O epílogo enfeixa o último momento de entrada no texto. Ao fazer o depoimento conclusivo, a acusada mobiliza as atitudes dos funcionários da Delegacia. Que processo psicológico é acionado a partir do momento em que todo um sistema de funcionamento da estrutura penal é colocado em xeque? Dostoiévski creditava ao ser humano uma tendência ao caos aqui simbolizado pela tensão latente causada pelo retardamento do depoimento da mulher que matou a mãe. Ela confessa o crime na primeira ação do romance, mas só consegue concluí-lo no último capítulo. É a metáfora que rege as histórias. Enquanto o depoimento fica inconcluso, o narrador metaforiza a própria sociedade através do alinhavo dos fatos vivenciados como funcionário da Delegacia. Ou seja, entre o sentido da vida diante da morte está a busca de um sentido para a própria vida. Talvez por isso no subsolo da memória resida a luta constante entre os códigos de conduta e de ética do sistema e aqueles criados pelo habitus. 

Ao final, a narrativa retorna à iluminadora epígrafe, de Memórias do escritor russo. Os narradores se assemelham. Ao mesmo tempo em que se moldam ao meio, cultuam um lado oculto capaz de ações incalculáveis, o que pode explicar a preocupação inicial do narrador em preparar o leitor para as possibilidades de ler para além do visível ou para o que não se vê a olho nu.

De certa forma, escrever é para o narrador-personagem de Mea Culpa, fonte de prazer, talvez um dos poucos em tão parca vida, apesar de ser um pesado ônus do ofício. A linguagem é a expressão da sua dura realidade. Talvez, por isso, à medida que o processo vai se avolumando, a memória é acionada. Por sua vez, a suposta criminosa Heloísa, tem o desejo de rever o passado e de aprender para além dos cansativos cuidados com a mãe. Por ela deixou de viver. São então, dois modos de pensar que se entrecruzam e a tensão sobressai no momento de sinceridade que se alterna com a auto-justificação, busca da legitimidade e até do sentimento de elevação.

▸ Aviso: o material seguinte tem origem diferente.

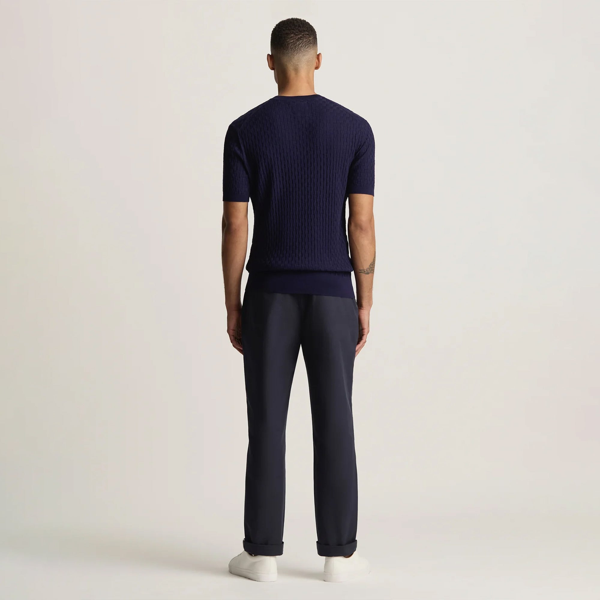 LUMEN is Cordori’s expression of luxury men’s knitted T‑shirt design, crafted from an exquisite blend of extra‑fine merino wool and silk. With its softly textured check weave and natural sheen, this short‑sleeve knit balances comfort and refinement. Lightweight yet elevated, it offers a timeless alternative to everyday T-shirts, perfect for sophisticated casual wear or layered styling.

No jogo marcado por variadas nuances, os dramas pessoais começam e terminam com os toques da máquina de escrever na sensação de alívio do dever cumprido e na imagem intermitente do movimento das mãos da acusada, sempre “descansando em paz”. Entre o silencio mortal e as teclas da máquina, o narrador finaliza o relato da depoente e o seu próprio.

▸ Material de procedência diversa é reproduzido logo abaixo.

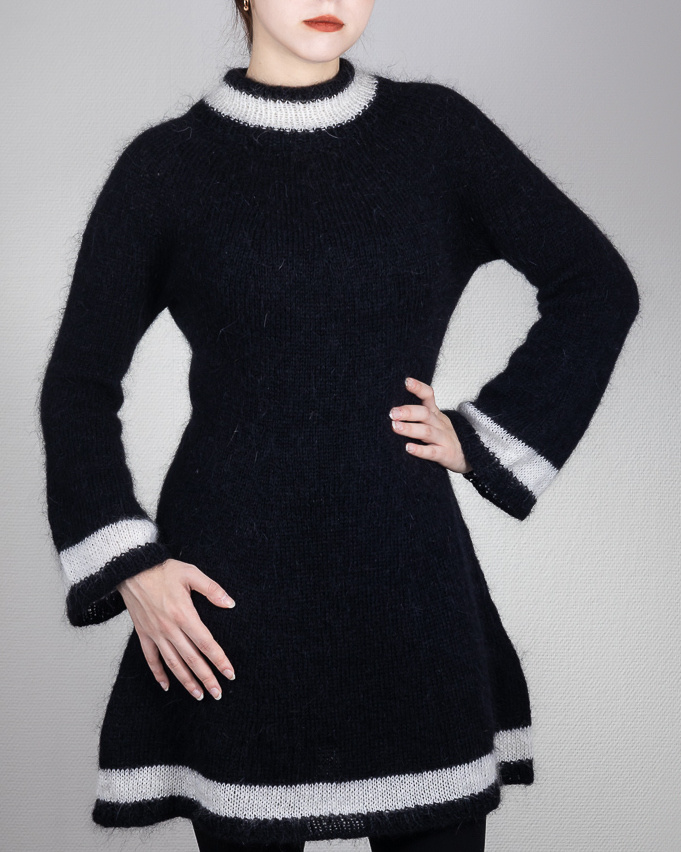 После окончания вязания прячем нитки с изнаночной стороны и проводим ВТО, сушить платье лучше горизонтально.

É o espaço lacunar em que pensamentos vagam entre as lembranças e a incorporação delas no corpo e na mente. De tão fortes, não é possível retirá-los mesmo se lavados com água quente e bucha vegetal num movimento de “esfregar até que da [minha] pele saíssem não só a memória, mas também o odor de remorso que se somava ao conhecido cheiro da Delegacia” (p. 339).

De quem seria a culpa maior? De quem julga ou de quem assume? Como no “ambiente de ressaca de uma quarta-feira de cinzas” em que se dá a confissão da mulher que matou a mãe, fica o leitor em busca de respostas, ou imerso em reflexões causadas pelas duas pontas do novelo: a visível, pelo qual se puxa o fio, ou a não-dita em que se embaralham as histórias?!

Nem mãos, nem olhos acusam alguém: “As partes não dizem absolutamente nada sobre alguém, pois na vida não importa exatamente quem fala, mas quem escuta e passa adiante”. “É preciso, sim, escutar melhor” (p. 343, grifo meu). O fato da escuta pode ser a prova maior de que a verdade é móvel e está, talvez, nas chagas do próprio sistema e dos acontecimentos. Um inquérito pode se concluir pela dúvida. E quem se liberta de uma?!